Oh, yeah, some back-ends will fiddle with struct return. Not all
languages have single-value-return restrictions, but I think that ship
has sailed already for IR.

That's another reason to try and pass all by pointer at the end of the
parameter list, instead of receive as an argument and return.


> A direct result is something that’s returned in registers.  An indirect
> result is something that’s returned by storing it in an implicit out-parameter.

Oh, I see. In that case, any assumption on the variable would have to
be invalidated, maybe use global volatile variables, or special
built-ins, so that no optimisation tries to get away with it. But that
would mess up your optimal code, especially if they have to get passed
in registers.


> Oh, sorry, I forgot to talk about that.  Yes, the frontend already rearranges
> these arguments to the end, which means the optimizer’s default behavior
> of silently dropping extra call arguments ends up doing the right thing.

Excellent!


> I’m reluctant to say that the convention always requires these arguments.
> If we have to do that, we can, but I’d rather not; it would involve generating
> a lot of unnecessary IR and would probably create unnecessary
> code-generation differences, and I don’t think it would be sufficient for
> error results anyway.

This should be ok for internal functions, but maybe not for global /
public interfaces. The ARM ABI has specific behaviour guarantees for
public interfaces (like large alignment) that would be prohibitively
bad for all functions, but ok for public ones.

If hells break loose, you could enforce that for public interfaces only.


> We don’t want checking or setting the error result to actually involve memory
> access.

And even though most of those access could be optimised away, there's
no guarantee.

Another option would be to have a special built-in to recognise
context/error variables, and plug in a late IR pass to clean up
everything. But I'd only recommend that if we can't find another way
around.


> The ability to call a non-throwing function as a throwing function means
> we’d have to provide this extra explicit result on every single function with
> the Swift convention, because the optimizer is definitely not going to
> gracefully handle result-type mismatches; so even a function as simple as
>   func foo() -> Int32
> would have to be lowered into IR as
>   define { i32, i8* } @foo(i8*)

Indeed, very messy.

I'm going on a tangent, here, may be all rubbish, but...

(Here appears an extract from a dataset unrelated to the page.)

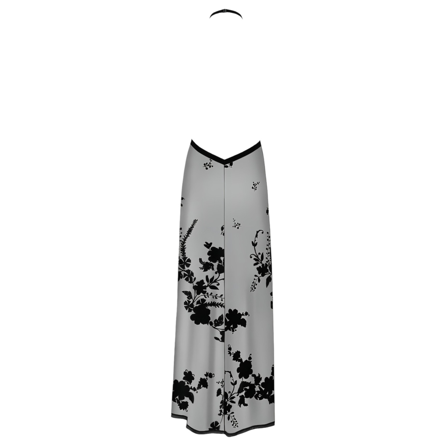 Beautiful sheer maxi dress decorated with floral patterns.

C++ handles exception handling with the exception being thrown
allocated in library code, not the program. If, like C++, Swift can
only handle one exception at a time, why can't the error variable be a
global?

The ARM back-end accepts the -rreserve-r9 option, and others seem to
have similar options, so you could use that to force your global
variable to live on the platform register.

That way, all your error handling built-ins deal with that global
variable, which the back-end knows is on registers. You will need a
special DAG node, but I'm assuming you already have/want one. You also
drop any problem with arguments and PCS, at least for the error part.